Most real-time physics solvers use an Updated Lagrangian formulation, where the reference configuration moves with the simulation and the deformation gradient updates multiplicatively each frame. Under short simulations this works well. Under sustained elastic deformation, small numerical errors compound and the math drifts from physical reality over hundreds of frames.
GaussianFlesh uses a Total Lagrangian formulation instead. The reference configuration is fixed at initialization and never rebuilt. Deformation is always measured relative to the original rest state. To prevent any residual drift, the deformation gradient is recomputed once per display frame via weighted least squares over actual particle positions. The math stays grounded.
The second commitment concerns shape restoration. Most deformable simulations require explicit correction steps, periodic nudges that remind particles what shape they are supposed to hold. GaussianFlesh uses corotated linear elasticity, a constitutive model in which shape restoration is implicit in the stress calculation itself. For stiff materials, no explicit correction is needed at all. For high-restitution rubber, a small residual correction suffices. This eliminates a class of ad hoc shape-preservation hacks common in prior work.
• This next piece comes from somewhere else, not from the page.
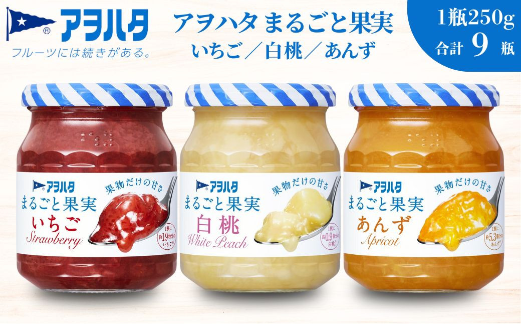 【アヲハタジャム】まるごと果実 いちご / 白桃 / あんず 各3瓶 合計9瓶(1瓶250g〜255g) ジャム ママレード マーマレード 果物 フルーツ もも 桃 杏 白桃ジャム いちごジャム あんずジャム 苺 イチゴ

What this is actually about
A bouncing ball is not the finding. It is a demonstration that the primitive works.
The broader claim is that world models, AI systems that simulate physical behavior, currently lack a grounded physics primitive. Video-based approaches learn correlations from pixels. They are impressive, but they do not represent that a rubber ball and a metal ball dropped from the same height behave differently for reasons that can be computed, not just observed.
A substrate where objects are Gaussian particles with material identity, running forward simulation in real time, in the same representational space used for scene reconstruction, closes that loop. The next step is coupling a vision-language model to existing 3D Gaussian scenes so that material properties can be inferred from appearance and simulation can begin immediately, without a separate physics representation, without a translation layer.
We think the particle is the right place to start.